In the ten years since we held those summer events everything we talked about has become easy. Under $200 netbooks and mobile phones can now do most or all of what we were discussing back then. Wireless systems have cut the cost of networking classrooms by 90%. Broadband has become stunningly cheap. Microsoft Vista (and Windows7) computers come with speech recognition included. Click-Speak and WordTalk offer Text-To-Speech for free. Ctrl-+ magnifies your Firefox screen. We have proven research into the advantages of 1:1 computing and simple text-messaging plans can deliver educational content to cheap mobile phones anywhere on the planet.

And yet - the transformation has not occurred. In fact, education has, in too many situations, dug in its heels, screaming that it will not be dragged into this future.

Schools still depend on "computer labs" and resist 1:1 computing, hand-helds, and mobiles as "distracting." Schools still install computers - tens of thousands this summer alone - which are not equipped with even the free access technologies - the moral equivalent of building inaccessible school entrances and school toilets. Schools continue to deny students access to curricular content and school success because they refuse to suggest and/or offer proven technology solutions.

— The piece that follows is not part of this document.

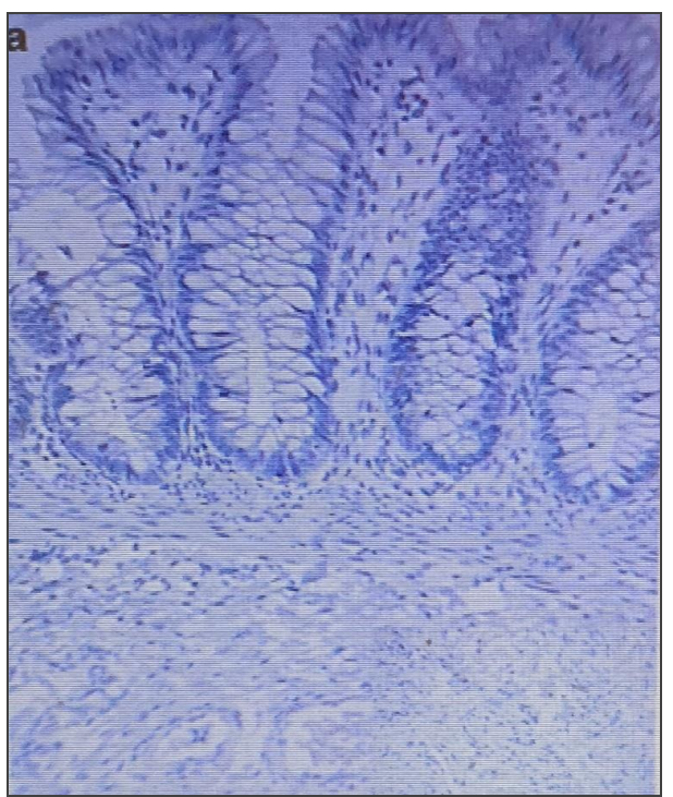
Figure No.1: Calretinin Negative (HD)

We weren't genius futurists back in the summer of 1999.

We were just a group of curious people who were paying attention to what was already going on. We read the work of Lynne Anderson-Inman extensively, we read court cases and Office of Civil Rights opinions, we used the phone to call the Liberated Learning people at IBM, the TTS folks at Arkenstone, the people installing student computers at UCLA. We saw the future emerging because we had decided to open our eyes.

And when we saw that future we also looked around our own campus. We saw that students wanted internet everywhere - so, back in those pre-wireless days - we put dozens of data drops in every public area and made sure that there was one dorm room drop for every bed. We saw that students wanted personalization so when you logged on to our network, you got your desktop, not anyone else's. We saw that "disabled" students were tired of going to "resource centers" and so we put access everywhere we had computers. And we already knew that few students typed with ten fingers or wanted to study in "clean rooms" devoid of food, drink, or music, or knew how to effectively search. None of this information was hidden either. It was as obvious as walking across the campus.

I understand that progress comes slowly.

But as I lie in bed here, recovering from knee surgery, I look back on a decade of arguments which seem to get increasingly disconnected from the emerging realities. Back in 1999 the cost was a factor, but now it is truly not. Schools actually ban students from bringing their own technologies, and spend a fortune on blocking software and on email systems they could have for free. Back in 1999 ideas like Google were new and confusing - now ignorance of these systems requires willful intent. Back in 1999 one might have been unsure of where this information revolution was leading - now we know our students will not survive - academically or economically - without the skillsets which support these technologies.

These realities have pushed most education beyond the point of irrelevance. Our economic stars are now all dropouts - at one level of schooling or another. Our inventors are all self-taught. And we have made no actual progress on closing achievement or salary gaps, or on getting more students through post-secondary training or education.

In the summer of 1999 we were talking about the future. Now that future is the present. Next summer it will be the second decade of the 21st Century... is it time to move out of the past yet?